The Great National Calamity

When all the post-war hurrahs died in sorrow

April 17, 1865

Hanover, N.H.—The last week was a memorable one here. Such as Dartmouth College never saw before, and will never see again. The opening and close of the week were in signal and marvelous contrast.

On Monday morning came the news of Lee’s surrender. It was received with unbounded enthusiasm. All the College exercises were suspended after the morning recitations. The air was laden with hurrahs, with the jubilant notes of the College bell, with the noise of guns, and with music of all varieties. A procession was formed, and, with the sound of as many different instruments as were heard on the plain of Duro, though of tones less exquisite, it moved through the village and over the Connecticut to Norwich, Vermont—the beautiful waters of the river seeming to murmur, as it passed, a responsive thanksgiving.
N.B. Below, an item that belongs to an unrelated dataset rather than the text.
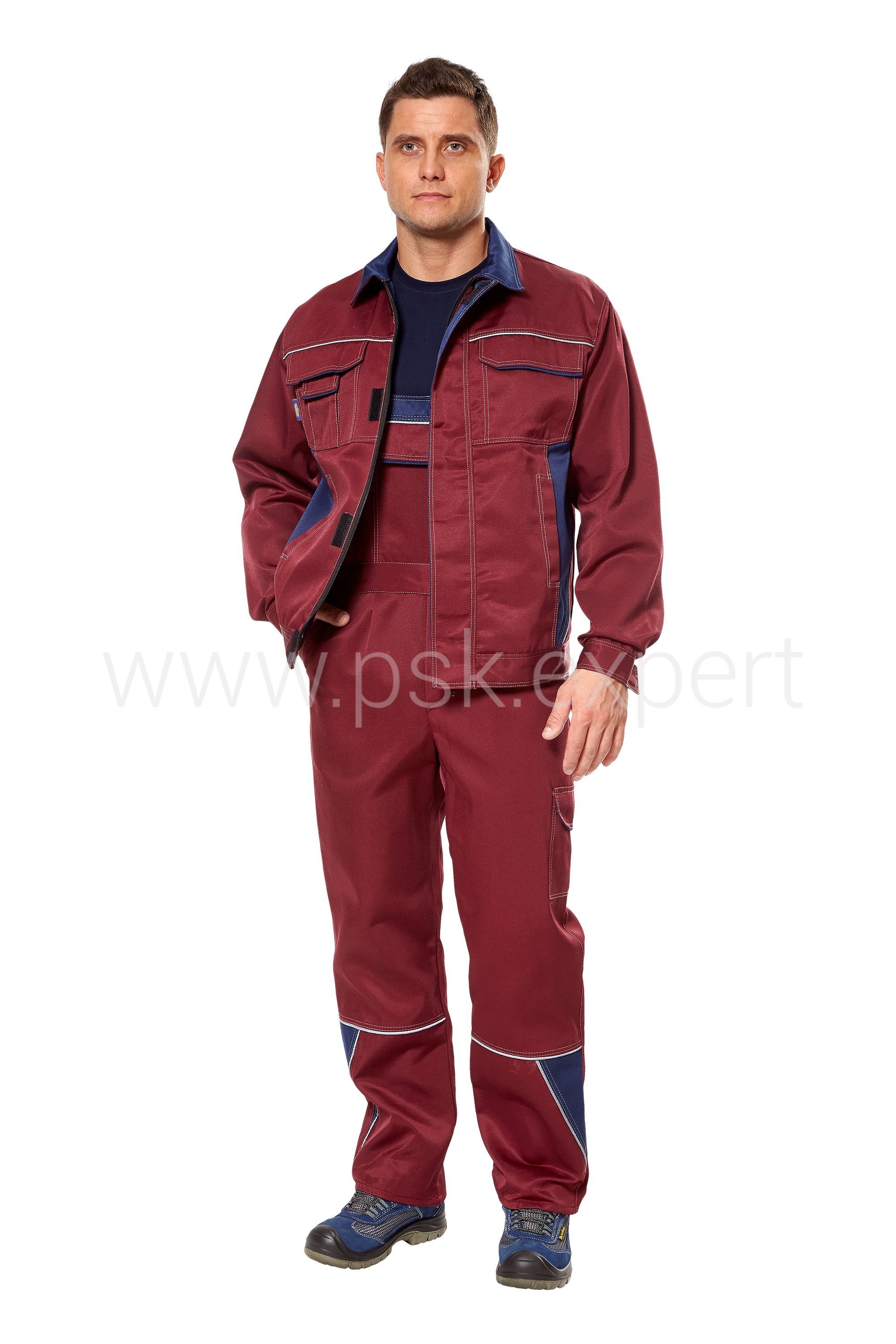 Полукомбинезон на бретелях с эластичной тесьмой, пристегивающимися на фастексы. Боковая застежка на пуговицы, гульфик в среднем шве на молнии. Большой нагрудный карман с клапаном. Дополнительный накладной карман с клапаном на боковой поверхности брюк, сзади накладной прямой карман и специальный карман с петлей-держателем для инструментов. Отделочные элементы со светоотражающим кантом в верхней части грудки и нижней части брюк.

Banners streaming on the breeze from Dartmouth Hall, from the two flag-staves on the Green, and from diverse private dwellings, symbolized the general gladness. 

At two o’clock there was a meeting of the College, with many of the citizens in the chapel. The room was gaily adorned with flags and crowded with joyous auditors, the ladies occupying the gallery. The exercises began with singing, reading scripture, and prayer. President Smith then made an introductory address and called out in succession Professors Hubbard, Noyes, Sanborn, Aiken, Quimby, Packard Woodman, Fairbanks, and Patterson, with Dr. A.B. Crosby, S.W. Cobb, Esq., Rev. Mr. Pease of Norwich, and Hon. Daniel Blaisdell. The audience was held in close attention for nearly two hours and a half. The choir sang “Babylon is Fallen” about midway in the exercises; and, having began with “My Country ’Tis of Thee,” closed with “The Star-Spangled Banner” and the benediction. It was, we all felt, a great occasion.

So passed Monday. Saturday morning, after the first recitation, the echo of the Great Washington Tragedy—a tragedy with no historical parallel—fell upon our ears. Again, but how different a manner, was all business arrested. The 11 o’clock recitation was soon disposed of. Neither professors nor students had a voice for anything but sorrow. The bell was tolled from 11 1/2 to 12 1/2 o’clock, stores were closed, flags and dwellings were draped. 

At 2 p.m. we gathered in the chapel again, but with what a contrast to the Monday’s assemblage. No flaunting flags were there; no faces luminous with gladness, but all was sad, somber, solemn. Appropriate hymns were sung, the word of God was read, and prayer was offered. President Smith then made a short address and Professor Patterson, as personally acquainted with the deceased chief-magistrate, another. After an hour and a quarter the service closed and the assembly passed, as from a funeral, to their homes. The church and the College chapel were appropriately draped yesterday, and the evening service was wholly occupied with the great national calamity.